Segment Start: RECORDS SUPPLIED

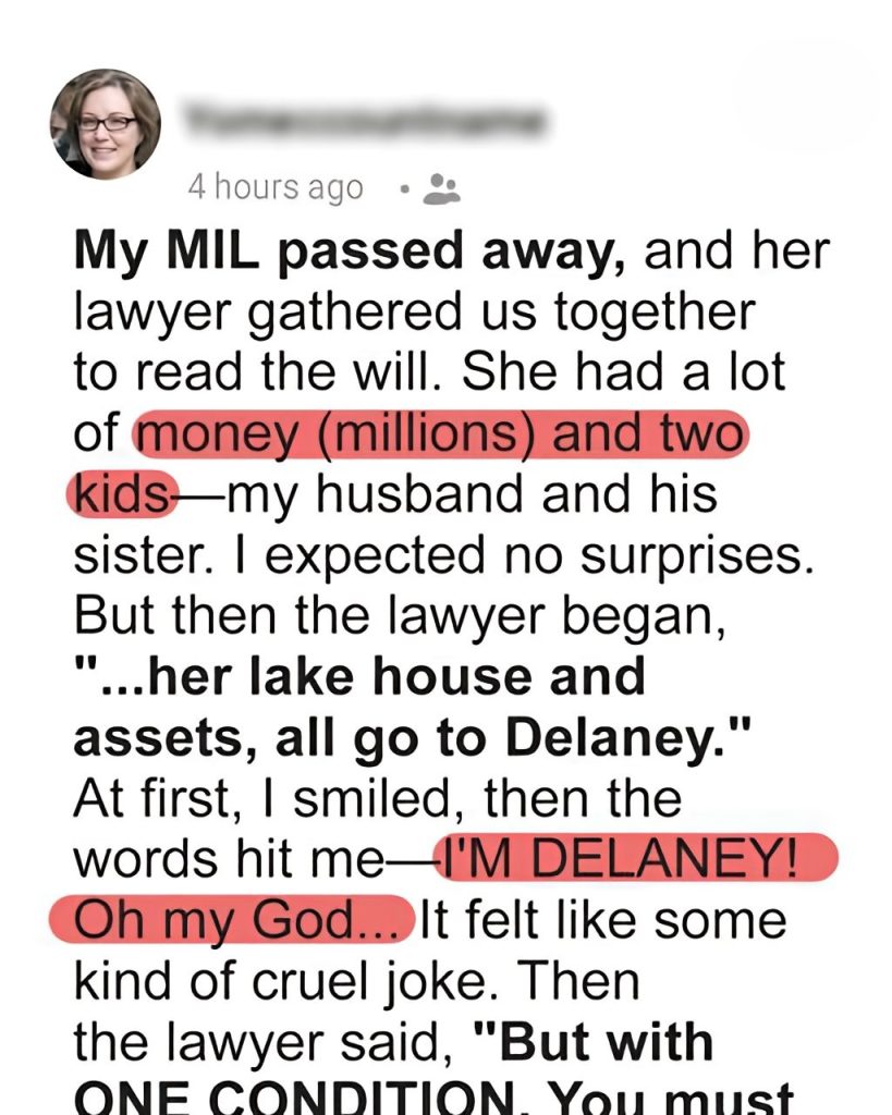My MIL passed away, and her lawyer gathered us together to read the will. She had a lot of money (millions) and two kids—my husband and his sister. I expected no surprises. But then the lawyer began, “…her lake house and assets, all go to Delaney.” At first, I smiled, then the words hit me—I’M DELANEY! Oh my God… It felt like some kind of cruel joke. Then the lawyer said, “But with ONE CONDITION. You must live in that lake house for thirty consecutive days, starting tonight, completely alone, and you must read one letter from Evelyn every single morning before you speak to another soul.”
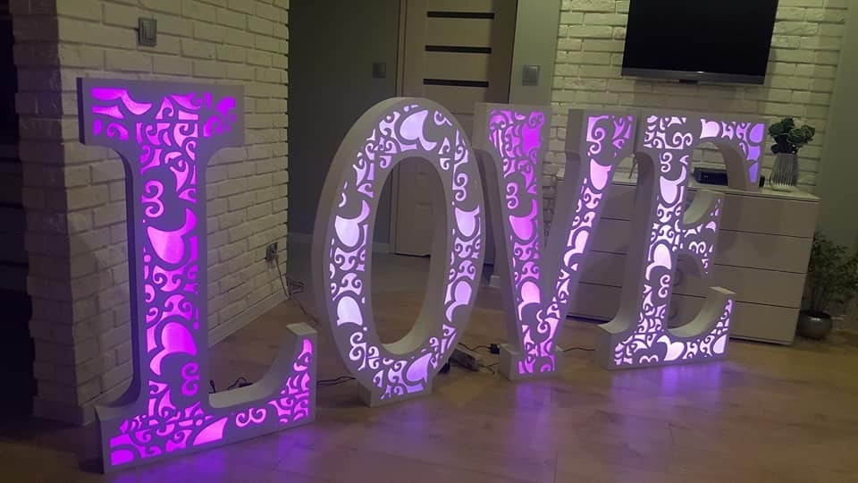 Piękny Napis Love w 4 kolorach, który zachwyci fotografów przy sesji zdjęciowej i nie tylko.
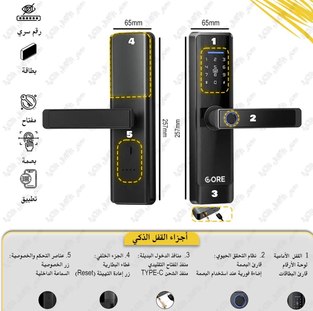 • اسم المنتج: قفل ذكي L1F من CORE بنظام BT TTLOCK
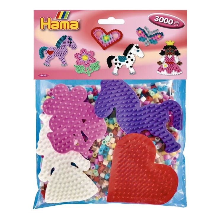 Pomôcka na precvičenie fantázie, zručnosti, trpezlivosti, rozoznávania tvarov a farieb, motoriky atď. Deti ani netušia, že robia niečo viac ako že sa len hrajú. Balenie obsahuje 3000ks zažehľovacích korálikov, 4 podložky malé srdce, koník, kytička, princezná s korunkou, farebne tlačená predloha, zažehľovací papier, návod na použitie. Rozmer balenia je 18 x 22 x 5cm. Priemer korálky je 0,5cm. Vhodné pre deti od veku 5+.
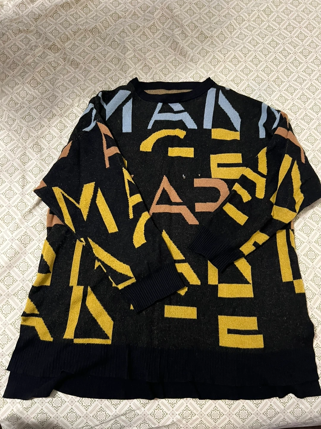 This is a cozy black sweater with a bold graphic print of multicoloured letters. It has a relaxed fit and ribbed cuffs and hem. The material is a soft knit, perfect for cooler weather.
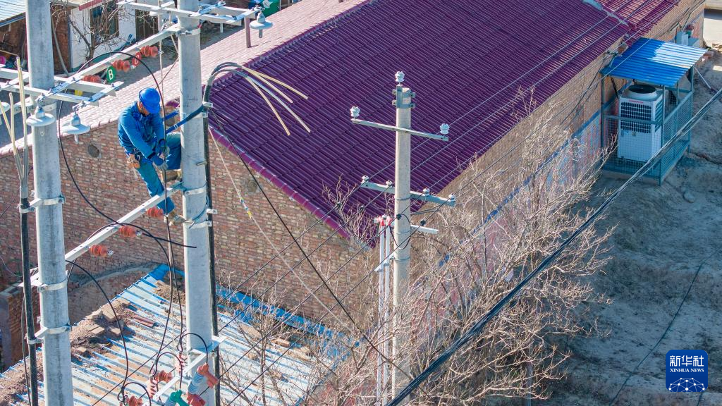 当地供电部门工作人员在宁夏吴忠市同心县河西镇旱天岭村进行“煤改电”配套供电工程施工(2025年11月27日摄,无人机照片)。
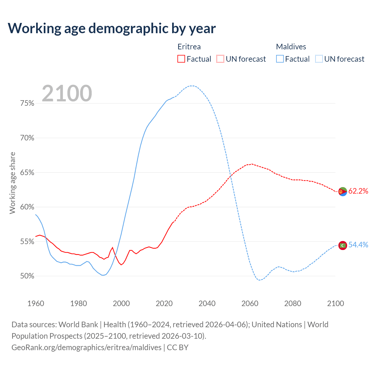 - Eritrea has 2.13M working age adults (aged 15-64) vs 403K in Maldives.
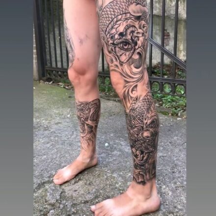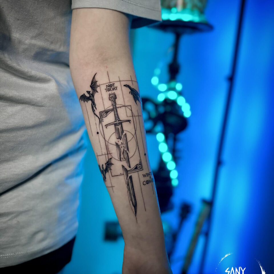 Tetování mýtické bytosti, draci, meč, čáry na předloktí
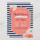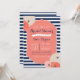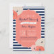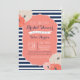 Bold navy blue and white stripe, striking coral frame and whimsical coral flowers complete the look. Use this design for a bridal shower, baby shower, birthday or anniversary! Possibilities are endless!
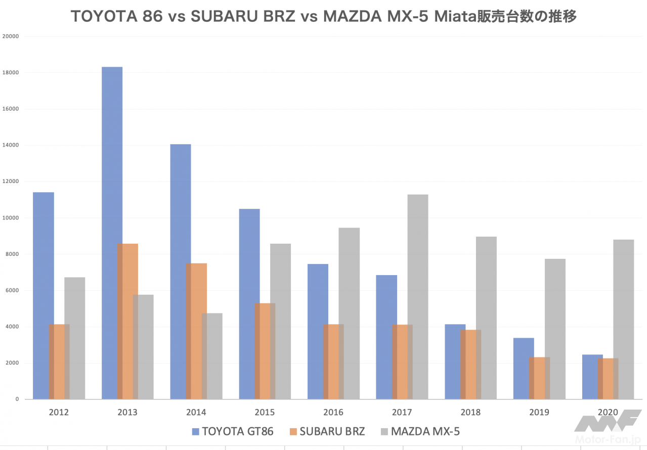 86/BRZ、そしてマツダ・ロードスターの販売台数の推移は?
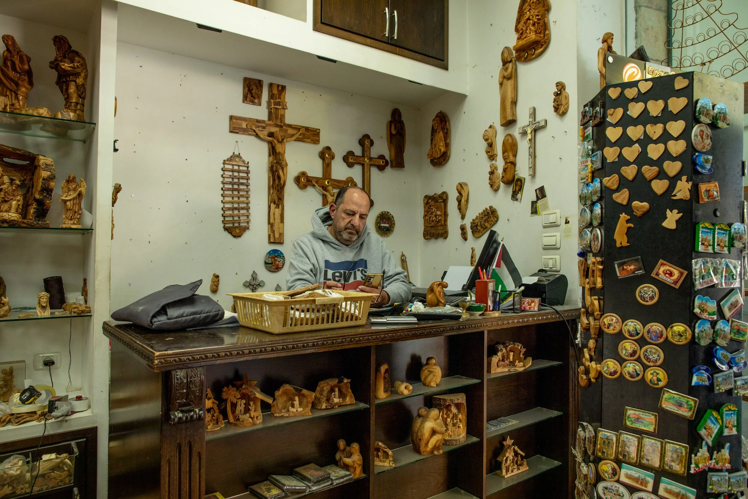 For Palestinian Christian Jack Giacaman and his family-owned souvenir shop in Bethlehem, times are hard. Tourists and their purchases that normally bolstered Giacaman's business and Bethlehem's local economy have disappeared since the Israel-Hamas war began on Oct. 7. Giacaman said, "We used to get at least 200 visitors a day before the war. Now we get zero." To supplement this lost income, Giacaman said he's prioritizing online sales, but his shop, My Christmas House, is still struggling. "We're trying to keep workers as much as we can, but it's not easy," he said. Between Israel's wartime ban on Palestinian workers, partial salary payments from the Palestinian Authority and a dried-up tourism industry, Giacaman said life in the occupied West Bank is not easy. "For Palestinians living in the West Bank it is a disaster," he said.
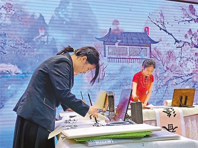 图为学生在中央工艺美术学院附属中学观看“民族瑰宝”书法展示。
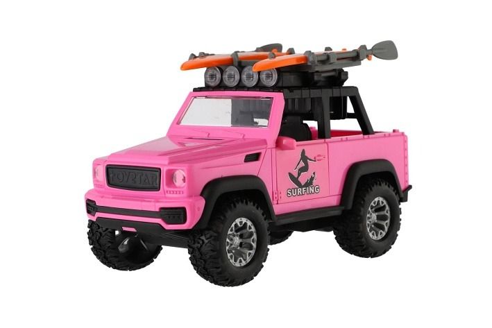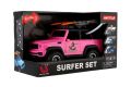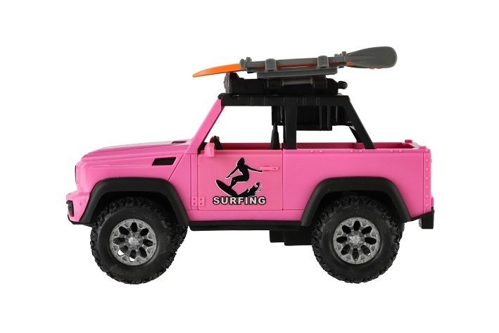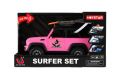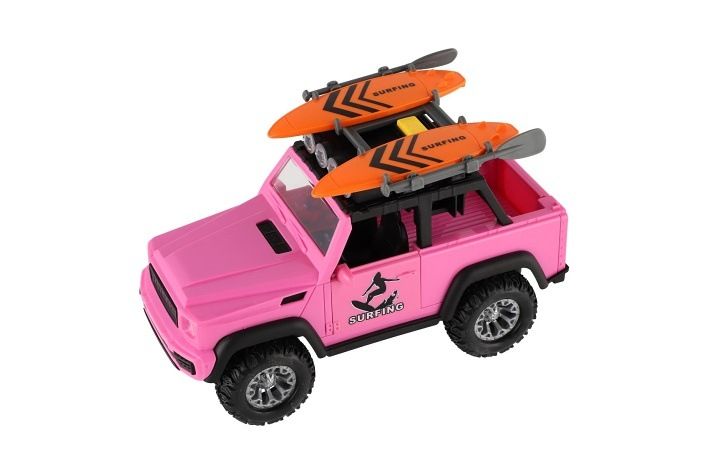 Model auta pro milovníky surfování a dobrodružství. Na střeše má 2 surfy a pádla. Svoji pozornost přitahuje díky růžové barvě a je velikosti 22 cm. Vůz má otevírací dveře a je na setrvačník. Baterie 3 x AG13 jsou součástí výrobku.
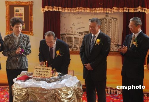 “葡京三十八載劃時代輝煌展” 十一月二十五日在澳門葡京酒店開幕,欣逢澳門博彩股份有限公司行政總裁何鴻燊(左二)八十七歲生日。圖為何鴻燊在嘉賓祝福聲中吹熄蛋糕上的蠟燭。中新社發 畢永光 攝
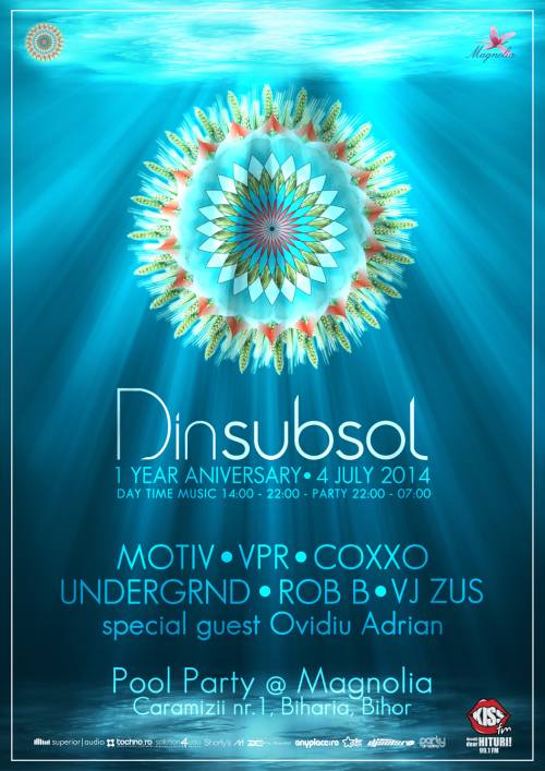 După câteva evenimentele care au fost promițătoare pentru echipa. Dinsubsol am ajuns să sărbătorim un an de la momentul în care ne-am adunat să formam acest proiect, speram să ne adunam și mai multi în anul care urmează, pe aceasta cale am considerat că acest eveniment e bine să-l facem cu întreaga echipă iar varianta cu dj-ii invitați să o păstram pentru luna septembrie când vom continua evenimentele cu invitați valoroși pentru muzica techno din Romania. Mulțumim pentru susținere și încredere, sperăm ca la acest eveniment să ne adunam în număr cât mai mare, să petrecem înainte de concedii și vacante. Am ales de aceasta data să ieșim afara, la piscina complexului Pensiunea Magnolia din Biharia care ne-a oferit aceasta oportunitate pe data de 4 iulie de la ora 14.00 pana dimineața la 7:00.
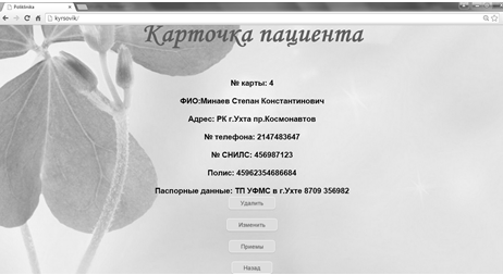 карточка пациента и записываются его личные данные (Ф.И.О., № медицинской
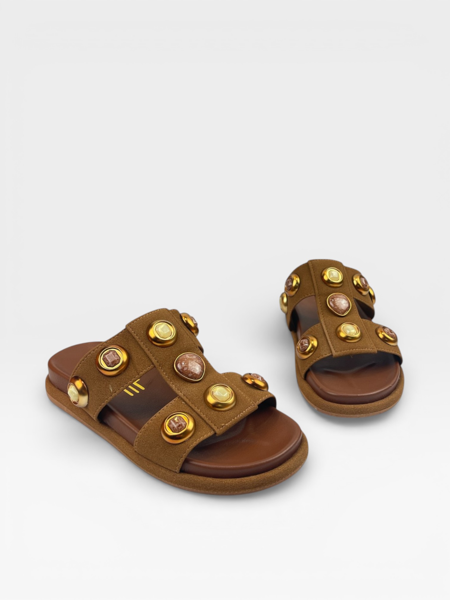 Papete Feminina Com Pedrarias Douradas Caramelo

Segment End: RECORDS SUPPLIED

■ WORK TO BE COMPLETED:
Once the pictures are set aside, write out each record exactly.

■ SOLUTION TO THIS PROBLEM:
My MIL passed away, and her lawyer gathered us together to read the will. She had a lot of money (millions) and two kids—my husband and his sister. I expected no surprises. But then the lawyer began, “…her lake house and assets, all go to Delaney.” At first, I smiled, then the words hit me—I’M DELANEY! Oh my God… It felt like some kind of cruel joke. Then the lawyer said, “But with ONE CONDITION. You must live in that lake house for thirty consecutive days, starting tonight, completely alone, and you must read one letter from Evelyn every single morning before you speak to another soul.”
 Piękny Napis Love w 4 kolorach, który zachwyci fotografów przy sesji zdjęciowej i nie tylko.
 • اسم المنتج: قفل ذكي L1F من CORE بنظام BT TTLOCK
 Pomôcka na precvičenie fantázie, zručnosti, trpezlivosti, rozoznávania tvarov a farieb, motoriky atď. Deti ani netušia, že robia niečo viac ako že sa len hrajú. Balenie obsahuje 3000ks zažehľovacích korálikov, 4 podložky malé srdce, koník, kytička, princezná s korunkou, farebne tlačená predloha, zažehľovací papier, návod na použitie. Rozmer balenia je 18 x 22 x 5cm. Priemer korálky je 0,5cm. Vhodné pre deti od veku 5+.
 This is a cozy black sweater with a bold graphic print of multicoloured letters. It has a relaxed fit and ribbed cuffs and hem. The material is a soft knit, perfect for cooler weather.
 当地供电部门工作人员在宁夏吴忠市同心县河西镇旱天岭村进行“煤改电”配套供电工程施工(2025年11月27日摄,无人机照片)。
 - Eritrea has 2.13M working age adults (aged 15-64) vs 403K in Maldives.
 Tetování mýtické bytosti, draci, meč, čáry na předloktí
 Bold navy blue and white stripe, striking coral frame and whimsical coral flowers complete the look. Use this design for a bridal shower, baby shower, birthday or anniversary! Possibilities are endless!
 86/BRZ、そしてマツダ・ロードスターの販売台数の推移は?
 For Palestinian Christian Jack Giacaman and his family-owned souvenir shop in Bethlehem, times are hard. Tourists and their purchases that normally bolstered Giacaman's business and Bethlehem's local economy have disappeared since the Israel-Hamas war began on Oct. 7. Giacaman said, "We used to get at least 200 visitors a day before the war. Now we get zero." To supplement this lost income, Giacaman said he's prioritizing online sales, but his shop, My Christmas House, is still struggling. "We're trying to keep workers as much as we can, but it's not easy," he said. Between Israel's wartime ban on Palestinian workers, partial salary payments from the Palestinian Authority and a dried-up tourism industry, Giacaman said life in the occupied West Bank is not easy. "For Palestinians living in the West Bank it is a disaster," he said.
 图为学生在中央工艺美术学院附属中学观看“民族瑰宝”书法展示。
 Model auta pro milovníky surfování a dobrodružství. Na střeše má 2 surfy a pádla. Svoji pozornost přitahuje díky růžové barvě a je velikosti 22 cm. Vůz má otevírací dveře a je na setrvačník. Baterie 3 x AG13 jsou součástí výrobku.
 “葡京三十八載劃時代輝煌展” 十一月二十五日在澳門葡京酒店開幕,欣逢澳門博彩股份有限公司行政總裁何鴻燊(左二)八十七歲生日。圖為何鴻燊在嘉賓祝福聲中吹熄蛋糕上的蠟燭。中新社發 畢永光 攝
 După câteva evenimentele care au fost promițătoare pentru echipa. Dinsubsol am ajuns să sărbătorim un an de la momentul în care ne-am adunat să formam acest proiect, speram să ne adunam și mai multi în anul care urmează, pe aceasta cale am considerat că acest eveniment e bine să-l facem cu întreaga echipă iar varianta cu dj-ii invitați să o păstram pentru luna septembrie când vom continua evenimentele cu invitați valoroși pentru muzica techno din Romania. Mulțumim pentru susținere și încredere, sperăm ca la acest eveniment să ne adunam în număr cât mai mare, să petrecem înainte de concedii și vacante. Am ales de aceasta data să ieșim afara, la piscina complexului Pensiunea Magnolia din Biharia care ne-a oferit aceasta oportunitate pe data de 4 iulie de la ora 14.00 pana dimineața la 7:00.
 карточка пациента и записываются его личные данные (Ф.И.О., № медицинской
 Papete Feminina Com Pedrarias Douradas Caramelo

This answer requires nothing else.